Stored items

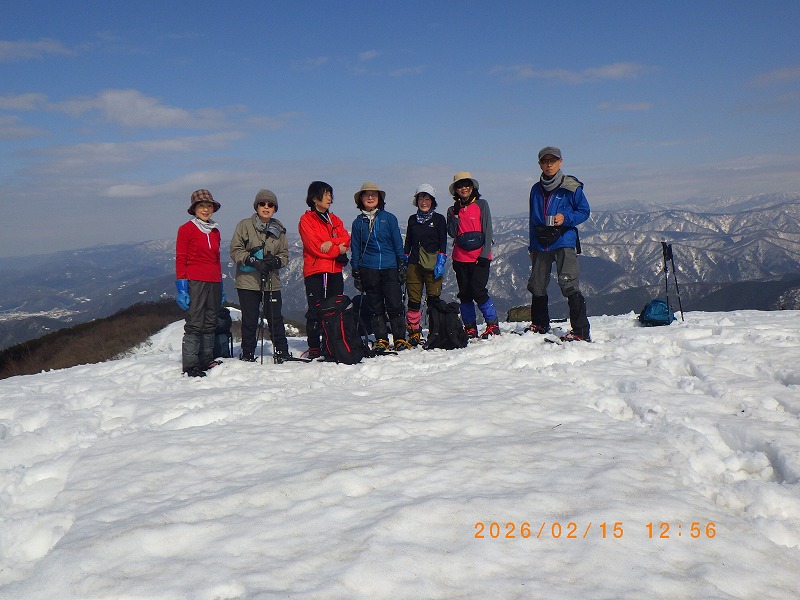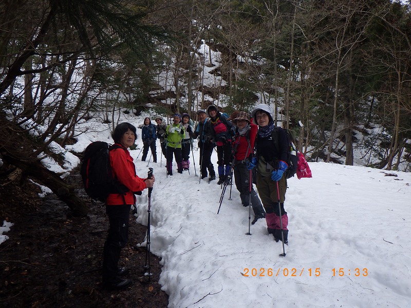 昨年の締まった雪は何処に行ったのか、ぐずぐずの腐った雪で急坂を沈み込みながらなんとか登り切りますが、IHさんもここまでとの事で待ってもらいます。この状態ではインディアン平原迄足を延ばした場合、下山時にもかなり時間が掛かる可能性が有り電車の時間が気になりますので、目標をインディアン平原手前のCo690m台地までと決めて、台地に登り着いた時にメンバ-に伝えます。暖かな陽射しの下で昼食後早々に下山に掛かり、途中で待ってもらっていた4名のメンバ-と合流してほぼ予想した時間内に新疋田駅に到着します。お疲れ様でし
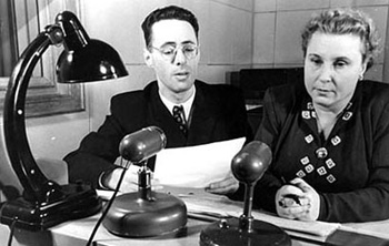 | Юрий Левитан и Ольга Высоцкая много лет вместе вели прямые эфиры Всесоюзного радио. Именно они в ночь на 9 мая 1945 года объявили о капитуляции фашистской Германии |
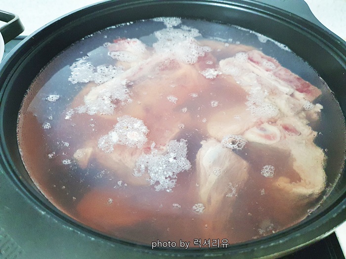 냄비에 핏물 뺀 뼈가 물이 잠길 정도로 하고 팔팔 끓여줍니다 끓고 나서 5분 후에 끓였던 물은 버리고 뼈는 찬물에 한 개씩 씻어줍니다 그렇게 해야 잡내가 나지 않고 깔끔한 국물이 됩니다
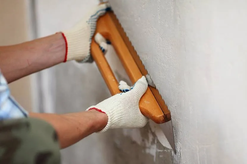 - Нанести однородный клей на стену зубчатым шпателем. Слой должен быть тонким (не более 1,5 мм).
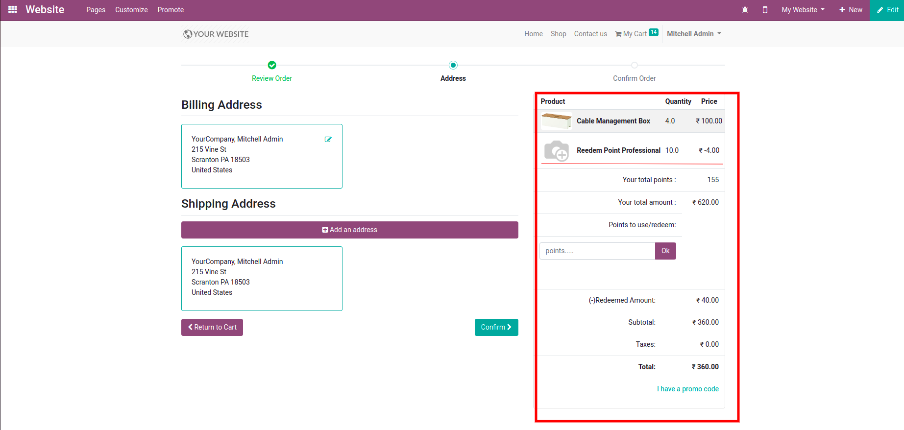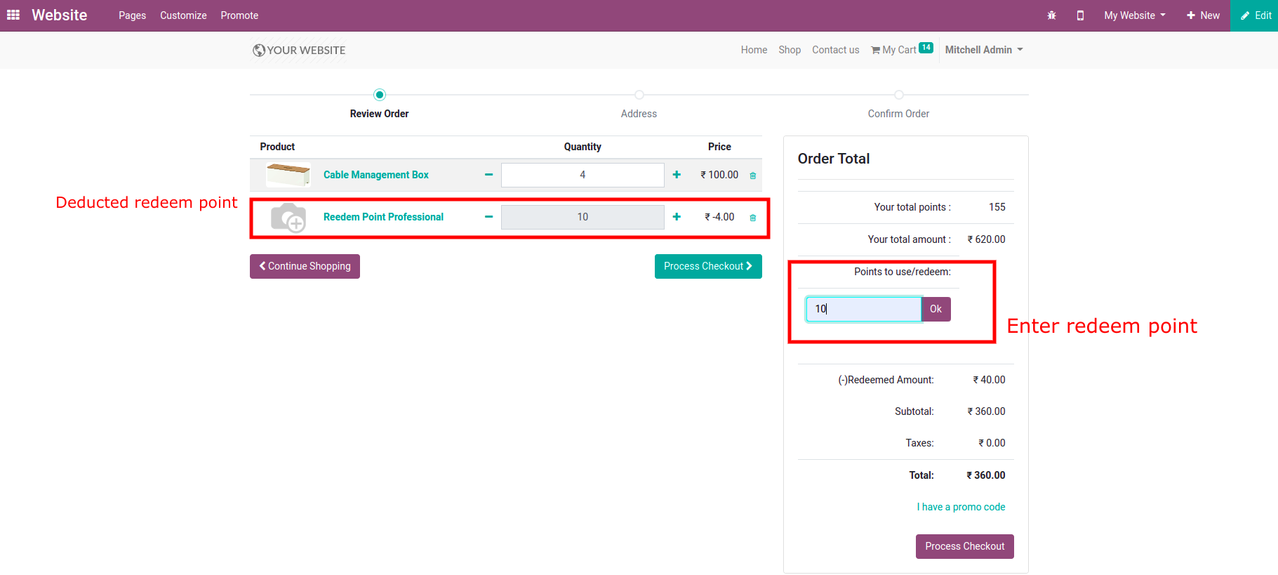 14. Redeem points count and subtracted value shown on the page. Then validate payment.
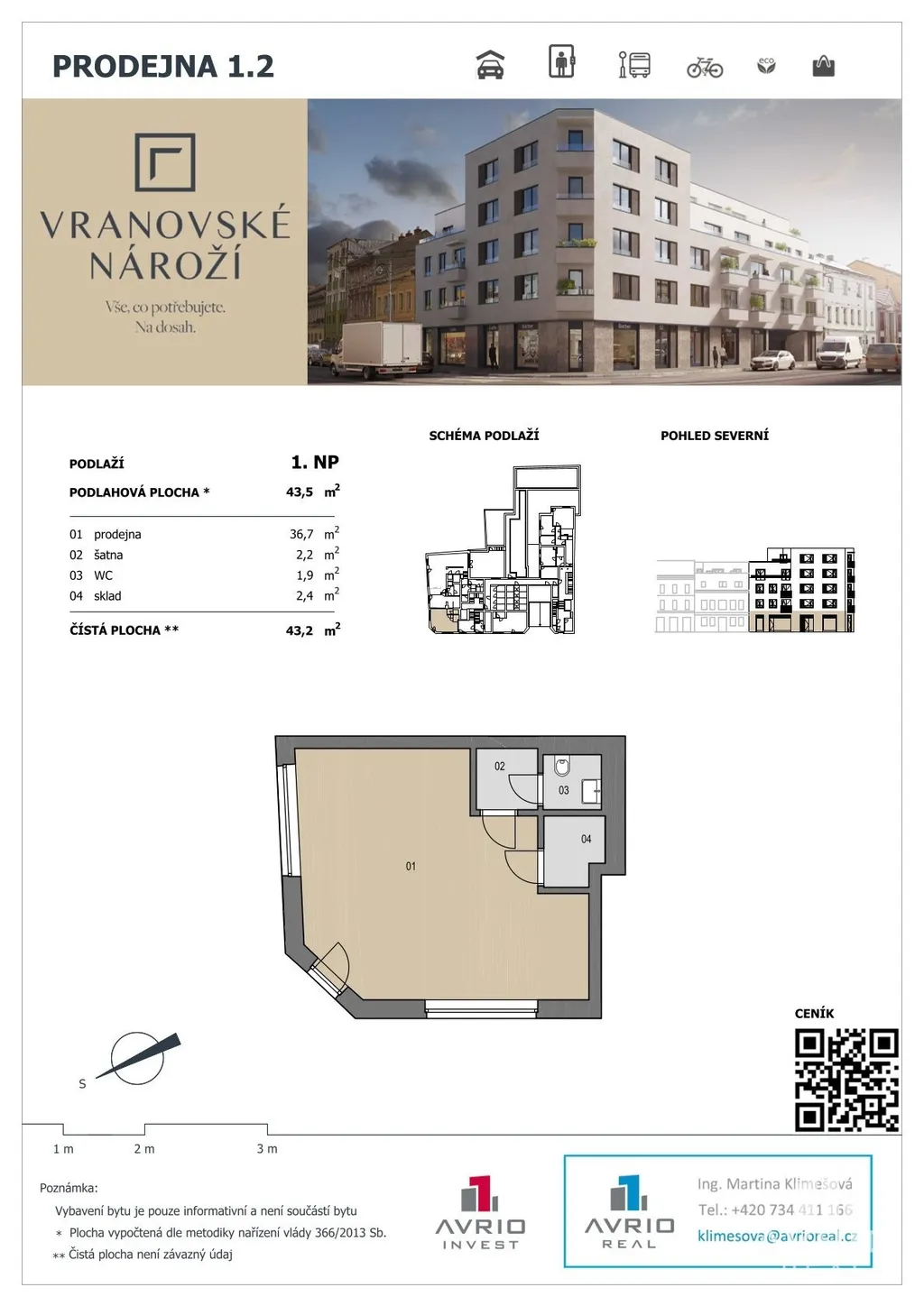 Představujeme vám nárožní komerční prostor o výměře 43 m² se zázemím v novém projektu Vranovské nároží.
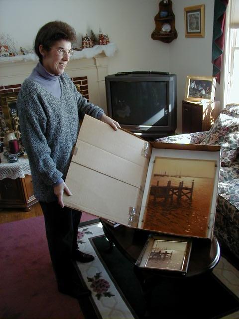 Check out Barbara Groff's incredible artwork on her web site. She is a family friend, and has created pastels for us. One is an outstanding rendition of a photo I took of the Edgartown harbor in 1974 (below right). Shown on left is a photo of Barbara with her rendition of Edgartown Harbor.
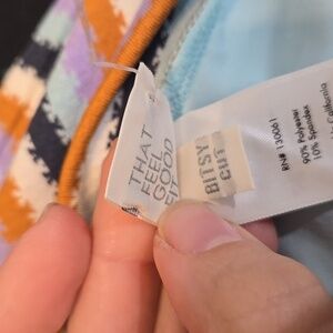 Colorful high-waisted bikini bottom with stripes. Features orange, purple, and blue hues.
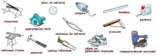 - Donnez aux flans la forme désirée. Si vous achetez de l'acier laminé, coupez-le à la longueur. Préparez des éléments supplémentaires pour connecter le toit avec des tuyaux et des lucarnes.
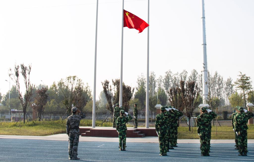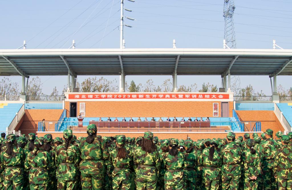 10月22日上午8点,学校2023级新生开学典礼暨军训总结大会在田径运动场上隆重举行。在国旗护卫队的庄严护卫下,鲜艳的五星红旗冉冉升起,2023级全体新生身着戎装,军容整齐,以昂扬的精神面貌在田径运动场依次列队,准备接受主席台检阅,汇报训练成果。淮北市委常委、淮北军分区大校、政治委员吴培清同志,淮北军分区战备建设处上校、处长俞成明同志,杜集区委常委、人民武装部上校、政治委员彭利国同志莅临典礼现场。校党委书记朱德顺,党委副书记、纪委书记、副校长汪建利,副校长郑来纪、各部门负责人、各二级学院院长、副院长及2023级全体辅导员参加典礼。典礼由汪建利主持。
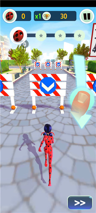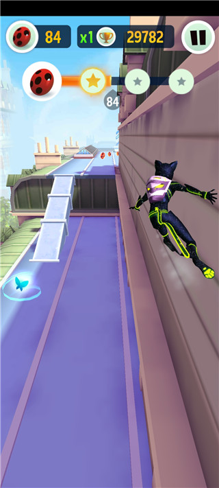 Miraculous瓢虫少女手游是一款根据国外热门动画片改编而来的休闲跑酷游戏,游戏的核心玩法是跑酷体验,玩家将在游戏中扮演超级英雄瓢虫和黑猫,以跑酷的形式在巴黎抓捕坏人,避免城市遭到破坏。游戏中,玩家需要控制角色进行前冲,躲避路途中的陷阱和障碍,同时还需要克服困难,使用道具帮助自己走得更远,感兴趣的话快来下载试玩吧。
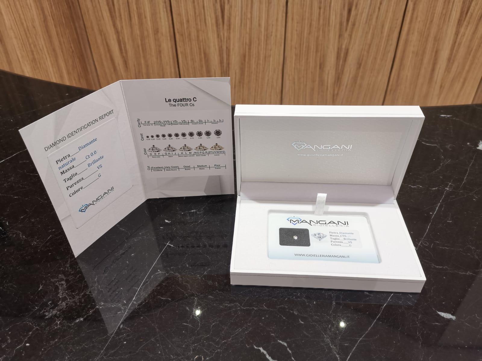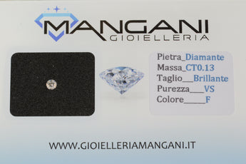 Diamante naturale in blister con una caratura di 0,13 il colore è F e la qualità VS. Il diamante è corredato da garanzia cartacea con le caratteristiche della pietra.

WHAT YOU HAVE TO DO → Your answer must be exactly the lines from the one with "Miraculous瓢虫少女" through the final line of the data, with no pictures in it.

EXPECTED ANSWER →
 Miraculous瓢虫少女手游是一款根据国外热门动画片改编而来的休闲跑酷游戏,游戏的核心玩法是跑酷体验,玩家将在游戏中扮演超级英雄瓢虫和黑猫,以跑酷的形式在巴黎抓捕坏人,避免城市遭到破坏。游戏中,玩家需要控制角色进行前冲,躲避路途中的陷阱和障碍,同时还需要克服困难,使用道具帮助自己走得更远,感兴趣的话快来下载试玩吧。
 Diamante naturale in blister con una caratura di 0,13 il colore è F e la qualità VS. Il diamante è corredato da garanzia cartacea con le caratteristiche della pietra.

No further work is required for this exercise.